“No Man’s Land,” and Dinosaur Footprints.

When I departed Stillwater, Oklahoma yesterday it was 88 degrees… when I arrived in Red River, New Mexico today at noon it was 28 degrees.  I was hoping the temperature would be a bit cooler in the New Mexico mountains, but a 60 degree drop in about 24 hours was more than I anticipated!
I have plenty of cold weather gear but with some luck I hope I don’t have to use it very often.  Tonight, the down sleeping bag and long undies are going to be on duty!
The No Man’s Land Sign in the Oklahoma Panhandle.
Driving west in the Oklahoma panhandle you cross the Santa Fe Trail a few times!
One of the many small theaters all over Oklahoma,  many are no longer in use, but still picturesque.

The Oklahoma panhandle has been referred to as “No Man’s Land” since the mid 1800s.  The panhandle was originally part of Texas, but when Texas wanted to enter the Union in 1850 as a slave holding state, they forfeited the land that would later become part of Oklahoma.  As I drove west from Stillwater, I realized that the area could also be called “Not Many Peoples Land” because it really is sparsely inhabited.  Pronghorn antelope, tumbleweeds and rattlesnakes all hopped, bounced and slithered across the highway in front of my truck as I drove west on highway 64.  I was lucky to avoid tornadoes during my 4 days in Oklahoma, but my truck did get a good 5 minute “sandblasting” from a dust storm near Boise City!  I stopped for the night at Black Mesa State Park, located about as far west in the panhandle as one can go!  The winds were really high, probably 40 to 50 mph all night.
I decided it would be better to sleep in the bed of the Tacoma than in the tent-cot.  Lake Etling was only about 20 feet from my campsite and I didn’t want to test how well the tent-cot floats in the middle of the night after a strong gust of wind!  Their was a group of 2 tent campers a few sites away from me when I went to bed.  In the morning at about 7:00 AM when I departed, their tents were nowhere to be seen,  it looked like they sought refuge from the high winds in their vehicles, fortunately I didn’t see any tents in the lake!

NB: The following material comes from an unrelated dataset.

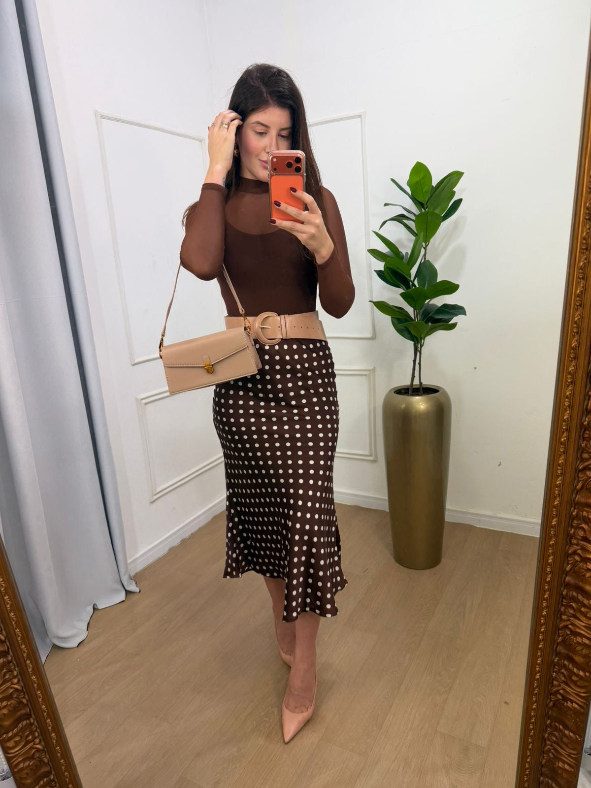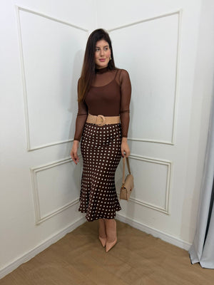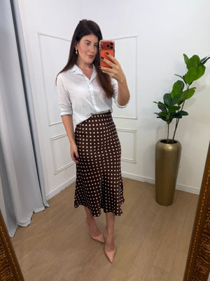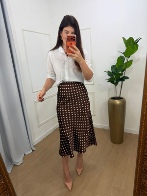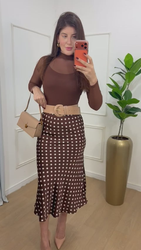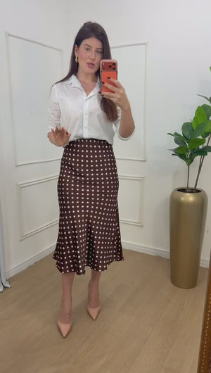 Saia em cetim, elástico no cós, modelagem sereia.

A view north from the Black Mesa State Park.
Pronghorn Antelope a few feet off the highway.
The Truck sits atop the riverbank as I search for the dinosaur footprints.
On my way out of Oklahoma, I stopped at the Black Mesa Summit area about 8 miles north west of the Park.  I wanted to see the fossilized dinosaur footprints in the dry riverbed and the tri-state border marker.  The dinosaur footprints were really pretty cool to see, the three-toed prints were about the size of a trashcan lid and crossed the riverbed in a diagonal pattern.  The last time I saw three-toed footprints was in the mountains of Eastern Kentucky, and I think those were human?  I’m glad the creature that left the prints no longer inhabits the area, I’m not sure I could out run him today!
  If you plan to visit the area, the exact directions to find both the dinosaur footprints and the tri-state border marker are available in the window of the Black Mesa State Park office. 
Not easy to see, the dinosaur footprints near Black Mesa Summit.

The tri-state border marker is on the spot where the Oklahoma, Colorado and New Mexico borders all meet.  If you have ever wanted to be in three states simultaneously, you can do it there!  I managed to get one foot in Oklahoma, one foot in Colorado and my hand in New Mexico.

The Tri-State Border Marker in the Oklahoma Panhandle.

I saw an interesting quote from an Indian on a historical marker today,

“I don’t want to settle down in the houses you would build for us.  I love to roam over the wild prairie.  There I am free and happy.”

-Satanta (White Bear), Kiowa Warrior and Chief.

I know what you mean Chief, when I wander, I fell free and happy too!